ROC-AUC (Receiver Operating Characteristic - Area Under the Curve) is a metric used to evaluate the performance of a binary classification model. It is a measure of how well the model is able to distinguish between positive and negative classes.

A ROC curve is a plot of the true positive rate (TPR) against the false positive rate (FPR) at various threshold settings. The TPR is the ratio of the number of true positives to the total number of positives, while the FPR is the ratio of the number of false positives to the total number of negatives.

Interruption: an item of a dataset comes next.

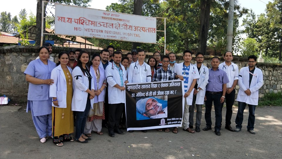 नेपाल चिकित्सक संघ सुर्खेत शाखाले प्रा. डा. गोविन्द केसीको आमरण अनसनको आन्दोलनमा नेपाल चिकित्सक संघ सुर्खेत शाखाले समेत ऐक्यवद्धता जनाएको छ । दुई दिनदेखि कालो पट्टी बाँधेर काम गरिरहेका चिकित्सकहरुले बिहीबार एक प्रेस विज्ञप्ति जारी गरी चिकित्सक संघले ऐक्यवद्धता जनाएको हो । ‘विगत ६ दिनदेखि गुणस्तरी स्वास्थ्य शिक्षा र सेवाको माग राखी जुम्लामा अनसन बस्नु भएका प्रा. डा. केसीको स्वास्थ्यमा प्रतिकूल असरहरु देखा पर्दै गएको र कुनै पनि समयमा अप्रिय घटना घट्न सक्ने तर्फ सचेत रहँदै नेपाल सरकारलाई अविलम्ब समस्याको समाधान गर्न र डा. केसीको जीवन रक्षा गर्न संघ जोडदार माग गर्दछ’ विज्ञप्तिमा भनिएको छ ।

The AUC is the area under the ROC curve. It ranges between 0 and 1, where a value of 0.5 represents a model that performs no better than random guessing, and a value of 1 represents a model that makes perfect predictions. A higher AUC value indicates that the model is better at distinguishing between the positive and negative classes.

Interpretation of the ROC curve and AUC value depends on the specific problem and domain. In general, a model with an AUC value of 0.7 to 0.8 is considered acceptable, while a value greater than 0.8 is considered good. However, the interpretation may vary depending on the specific use case and the cost of false positives and false negatives.

In the multi-class and multi-label case, this is the average of the AS score of each class with weighting depending on the average parameter.

In a multiclass classification problem, ROC-AUC can still be used as a metric, but it requires some modifications to account for the multiple classes.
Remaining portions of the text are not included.